*EXTRACTED DATA*:
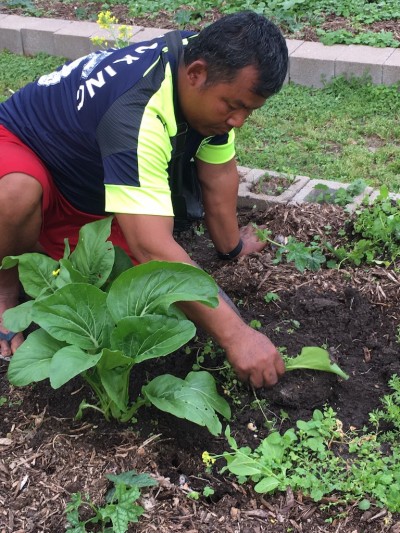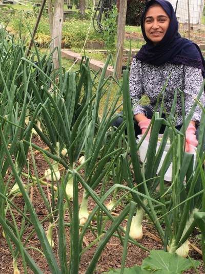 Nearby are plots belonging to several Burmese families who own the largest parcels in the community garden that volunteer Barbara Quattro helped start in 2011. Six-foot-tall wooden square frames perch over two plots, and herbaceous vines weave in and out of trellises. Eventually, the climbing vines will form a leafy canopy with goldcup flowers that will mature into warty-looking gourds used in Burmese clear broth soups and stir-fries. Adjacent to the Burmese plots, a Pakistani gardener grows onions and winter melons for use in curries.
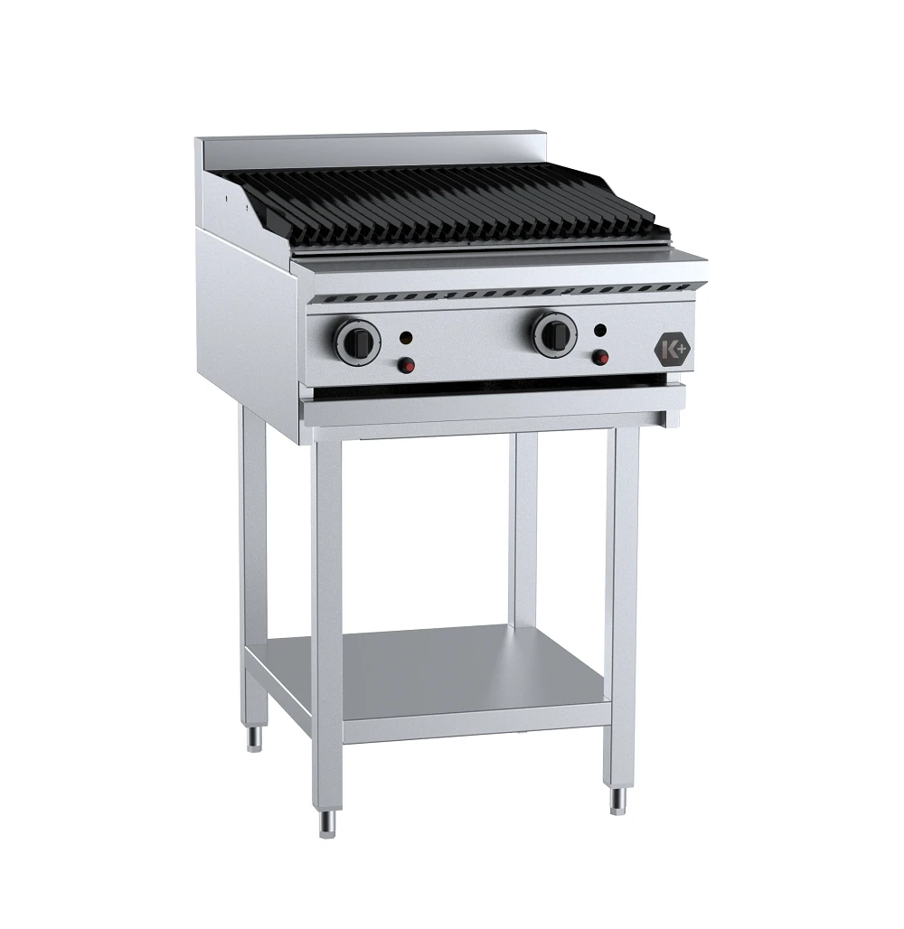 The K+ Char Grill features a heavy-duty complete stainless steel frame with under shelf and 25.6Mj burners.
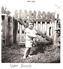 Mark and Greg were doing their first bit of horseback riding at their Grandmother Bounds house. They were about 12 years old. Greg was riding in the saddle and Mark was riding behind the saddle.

* * *

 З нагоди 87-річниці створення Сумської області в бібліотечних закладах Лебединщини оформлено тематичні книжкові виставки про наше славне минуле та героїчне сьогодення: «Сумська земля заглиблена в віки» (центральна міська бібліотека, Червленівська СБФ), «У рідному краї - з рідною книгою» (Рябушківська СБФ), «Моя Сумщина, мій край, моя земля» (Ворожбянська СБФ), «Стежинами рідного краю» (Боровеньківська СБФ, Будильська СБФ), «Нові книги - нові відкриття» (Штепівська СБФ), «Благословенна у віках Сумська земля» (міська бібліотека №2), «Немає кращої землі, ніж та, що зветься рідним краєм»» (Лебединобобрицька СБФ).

*WHAT THIS TASK INVOLVES*: I'd like the lines above repeated exactly, from the one that contains "The K+ Char" through the one that contains "Mark and Greg", with no pictures.

*OUTPUT OF THE TASK*:
 The K+ Char Grill features a heavy-duty complete stainless steel frame with under shelf and 25.6Mj burners.
 Mark and Greg were doing their first bit of horseback riding at their Grandmother Bounds house. They were about 12 years old. Greg was riding in the saddle and Mark was riding behind the saddle.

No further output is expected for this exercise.